* _SUPPLIED MATERIAL_

#####

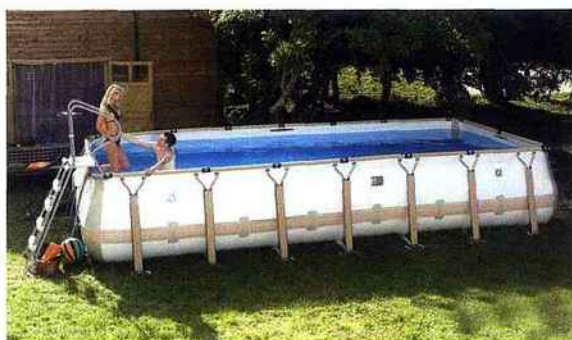
La piscine KD Teck dispose d'un groupe de filtration à sable, relié au bassin par un skimmer et une buse de refoulement. Une échelle de sécurité interdit l'accès en l'absence d'adulte. KD Teck, en 4 tailles : 3 x 5 m / 3 x 7 m / 4 x 8 m / 5 x 10 m. Piscine Zodiac, Adeva.

Si le froid de l'hiver vous a fait remettre à plus tard vos plans piscine, il est encore temps d'envisager de prendre un bon bain sous le soleil. Les retardataires ont désormais leur solution avec les modèles de piscines hors sol . De la filtration la plus fine au chauffage aérothermique , le petit bassin ne vous refuse rien. Par Claude Jestin
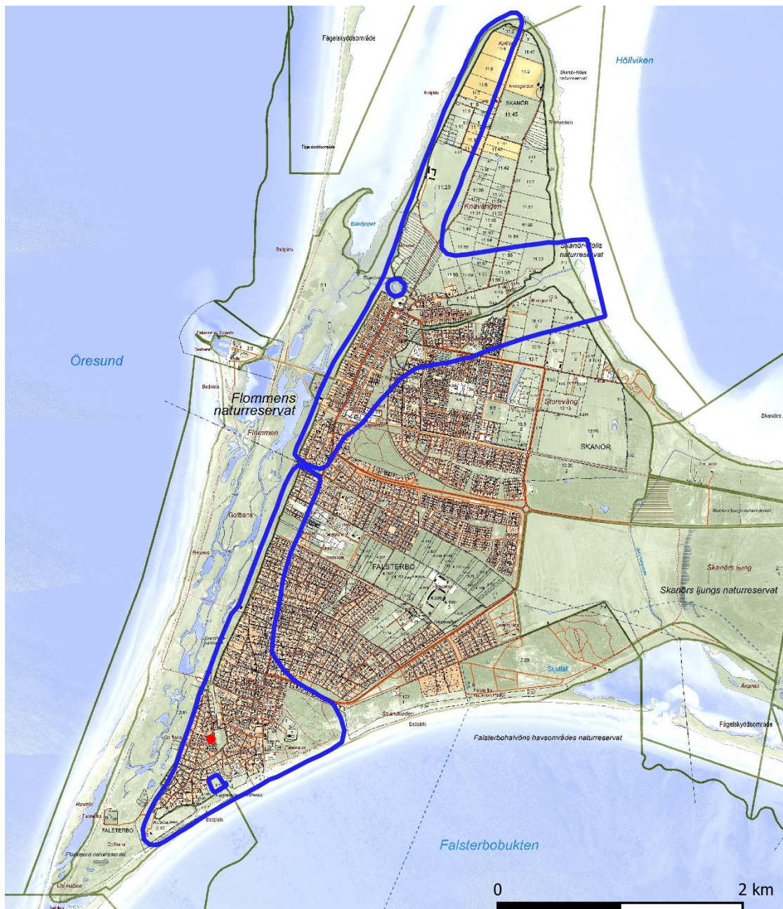
Figur 2. Del av fastighetskartan över Näset. Läget för undersökningen är markerat med rött. Fornlämningsbegränsningarna för Falsterbo och Skanör liksom respektive borgruiner är markerade med blå linje. ©Lantmäteriet

#####

* _BRIEF_
Output the data exactly. Leave every picture out.

* _ANSWER BOX_
La piscine KD Teck dispose d'un groupe de filtration à sable, relié au bassin par un skimmer et une buse de refoulement. Une échelle de sécurité interdit l'accès en l'absence d'adulte. KD Teck, en 4 tailles : 3 x 5 m / 3 x 7 m / 4 x 8 m / 5 x 10 m. Piscine Zodiac, Adeva.

Si le froid de l'hiver vous a fait remettre à plus tard vos plans piscine, il est encore temps d'envisager de prendre un bon bain sous le soleil. Les retardataires ont désormais leur solution avec les modèles de piscines hors sol . De la filtration la plus fine au chauffage aérothermique , le petit bassin ne vous refuse rien. Par Claude Jestin
Figur 2. Del av fastighetskartan över Näset. Läget för undersökningen är markerat med rött. Fornlämningsbegränsningarna för Falsterbo och Skanör liksom respektive borgruiner är markerade med blå linje. ©Lantmäteriet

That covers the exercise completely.